Kinematics are calculated using the Gaia EDR3 parallaxes and proper motion measurements. We adopt 8.21 kpc as the distance between the Sun and the Galactic center (McMillan 2017) and 0.021 kpc as the vertical offset of the Sun (Bennett & Bovy 2019). Solar motion is adopted from Schönrich, Binney, and Dehnen (2010) for radial and vertical velocities (11.1 km s⁻¹ and 7.25 km s⁻¹, respectively) and is calculated as 245.34 km s⁻¹ using proper motion measurements by Reid and Brunthaler (2004). The orbital energy is calculated assuming the Milky Way potential from McMillan (2017). These results are given in table 3. Kinematics of the post-AGB star candidates in Galactocentric frame are presented in figure 1.

We note that the sample selection of high-velocity post-AGB stars would not be affected if they belong to low-mass binaries, because the radial velocity variations expected for low-mass binaries are not as large as the radial velocities of the stars studied in this paper (tables 1 and 2).

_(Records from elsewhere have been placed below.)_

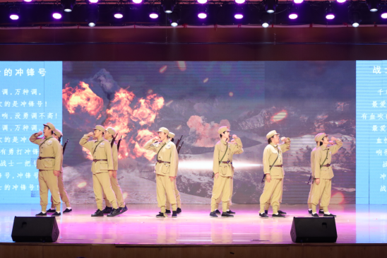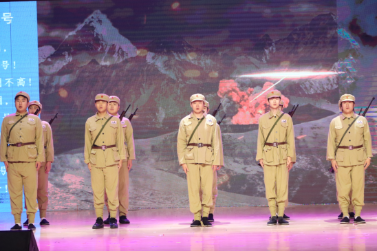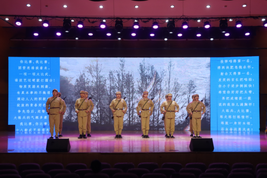 西征组歌《担当》,是英国正版365首页举全院之力打造的首部原创作品。创作以“挖掘德州红色元素、传承教导旅精神、打造德院标杆作品”为核心,将山东渤海军区教导旅西征的热血事迹,与当代大学生奔赴西部计划的青春选择相联结,以专业艺术形式讲本土红色故事、传德院育人初心。整场演出以精巧的设计串联起跌宕起伏的情节,随着场景的交替变换,深情的歌声与激昂的诵读交织回荡,生动刻画了烽火连天的英雄岁月,让师生沉浸式感悟红色精神与时代责任,既实现本土红色文化与思政教育的深度融合,也成为学院以文化人、以乐铸魂,用“第二课堂”培育新人的生动实践。
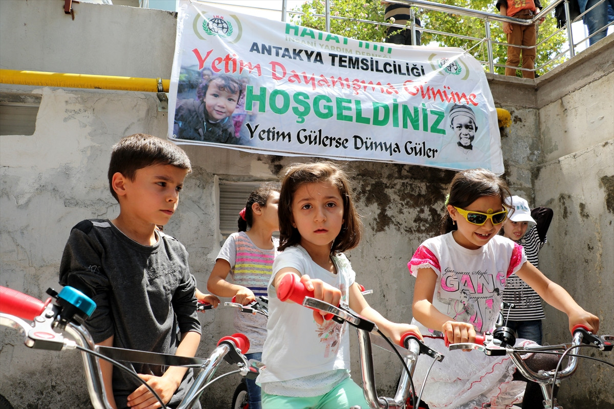 HATAY (AA) - İHH İnsani Yardım Derneği Antakya Temsilciliği ve Halk Sağlığı Müdürlüğünce "Dünya Yetimler Günü" dolayısıyla 25 Suriyeli yetime bisiklet hediye edildi.
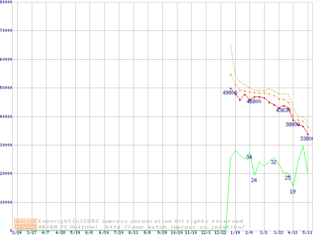 Pentium 4 2A GHz リテールパッケージの価格推移
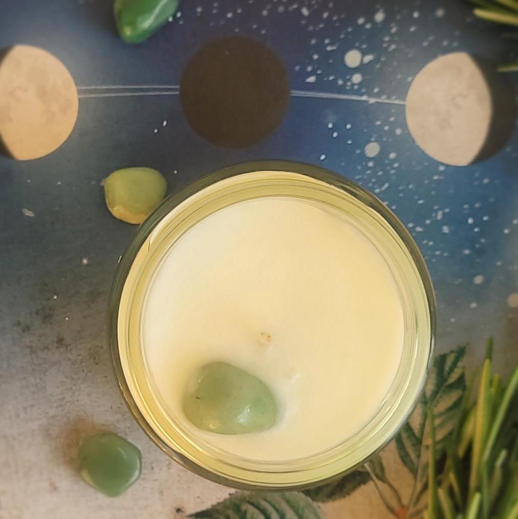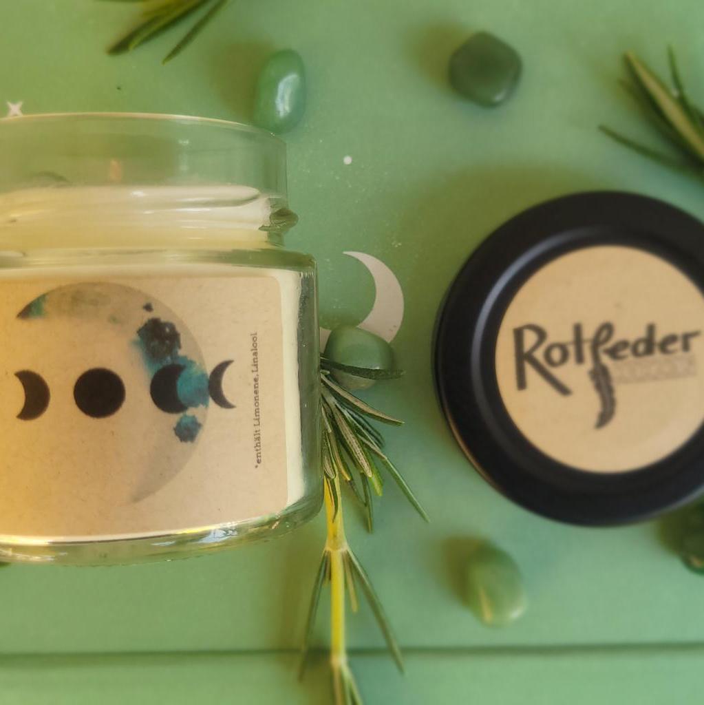 Duftkerze "Neimond" im 125ml Glas mit silbernem Deckel. Die Kerze besteht aus pflanzlichem Rapswachs, einem Baumwolldocht, sowie ätherischem Zypressen- und Lavendelöl. Nicht nur der Vollmond, auch der Neumond kann uns beeinflussen: er symbolisiert Neubeginn, steht für Veränderungen und hilft uns, Neues willkommen zu heissen. Die ätherischen Öle von Zypresse und Rosmarin stehen dir dabei zur Seite mit ihrer klärenden, stärkenden Wirkung. Du kannst die Kerze auch für ein kleines Neumondritual verwenden: Nimm dir Zeit für dich, zünde die Duftkerze an, atme tief durch und überleg dir, welche Wünsche du zu Neumond hast- schreib sie auf, und visualisiere deine positiven Wünsche so, als ob sie schon in Erfüllung gegangen sind. Der Trommelstein aus Aventurin, der als Deko mit drauf ist, hilft dir, dich von Altlasten zu befreien und deine eigene Träume besser wahrzunehmen, und kann nach dem Abbrennen der Kerze natürlich weiterverwendet werden. Brenndauer ca. 25+ Stunden. Vegan und paraffinfrei. Handgemacht in Österreich aus natürlichen Rohstoffen. Nachhaltig und umweltfreundlich. Der Duft besteht aus folgenden Komponenten: Zypresse: holzig, frisch, stärkend, konzentrationsfördernd Rosmarin: würzig, frisch, kampferartig, nervenstärkend, schenkt Klarheit Ein paar Hinweise zum richtigen Umgang mit meinen Kerzen: -beim ersten Abbrennen das Wachs bis zum Rand schmelzen lassen, damit die Kerze auch später gut abbrennt -optimale Brenndauer zwischen 1 und 4 Stunden -Docht regelmäßig kürzen -Zugluft vermeiden -Kerze nie unbeaufsichtigt brennen lassen -Achtung! Glas wird heiß, daher am besten auf eine nicht brennbare Unterlage stellen. -ätherische Öle und Duftöle können allergische Reaktionen hervorrufen, bitte vorher informieren! Aufgrund der natürlichen Rohstoffe kann die Kerze an der Oberfläche nach dem Abbrennen Dellen, kleine Löcher etc aufweisen. Dies mindert die Qualität der Kerze in keinem Fall, im Gegenteil, es zeigt, dass auf schädliche Zusätze verzichtet wurde.

3 Notes on the 20 high-velocity post-AGB candidates

Figure 2 shows the luminosity of the objects as a function of effective temperature with the post-AGB evolution tracks (Miller Bertolami 2016). The four objects with large uncertainties in the parallaxes (see section 2) are excluded. This figure indicates that typical luminosity range of low-mass post-AGB stars is 3 < log (L/L_⊙) < 4.

We find that nine objects have luminosities within this range, among which five have reliable Gaia parallaxes (the RUWE values are smaller than 1.4). BD −12 4970, which has very high luminosity [log (L/L_⊙) = 5.5], is also regarded as a post-AGB star. Among the 10 remaining stars with lower luminosity than the post-AGB star range given above, five with small RUWE have lower luminosity, log (L/L_⊙) < 3, and the other five have large RUWE values.

Here we report some detailed information for individual objects separately with the above grouping. It should be noted that the luminosities of binary stars are still uncertain due to the uncertainty of parallaxes. Although most of them are found in the groups with large RUWE values in this section, some known binary stars are also included in the groups with small RUWE values. Information on the binarity is given in the following notes for individual objects where available.

3.1 Post-AGB stars with small RUWE values

• HD 56126 (IRAS 07134+1005)

  This is a high Galactic latitude, and high-velocity, metal-poor, F-type post-AGB star with 21 μm emission feature. It is overabundant in carbon and s-process elements (Parthasarathy et al. 1992). De Smedt et al. (2016) report detailed abundances including [Fe/H] = −0.91 and large excesses of s-process elements (e.g., [Ba/Fe] = 1.82). More recently, Kamath et al. (2022) list this object as a single post-AGB star with s-process enrichment.

• IRAS 07140−2321 (V421 CMa)

  Gielen et al. (2011) derived T_eff = 7000 K, log g = 1.5, and [Fe/H] = −0.8.

• HD 116745 (CD −46 8644, Fehrenbach’s star, ROA 24)

  This is a high galactic latitude and high-velocity metal-poor halo post-AGB star (Gonzalez & Wallerstein 1992). Gonzalez and Wallerstein (1992) found it to be overabundant in carbon and s-process elements. They derived T_eff = 6950 K, log g = 1.15 and [Fe/H] = −1.77. HD 116745 is a member of the globular cluster Omega Cen.

• IRAS 17436+5003 (HD 161796)

  This is a high galactic latitude and high-velocity F-type post-AGB supergiant (Parthasarathy & Pottasch 1986). Luck, Bond, and Lambert (1990) derived T_eff = 6500 K, log g = 0.70, and [Fe/H] = −0.32. This object is listed by Kamath et al. (2022) as a single post-AGB star without s-process enrichment.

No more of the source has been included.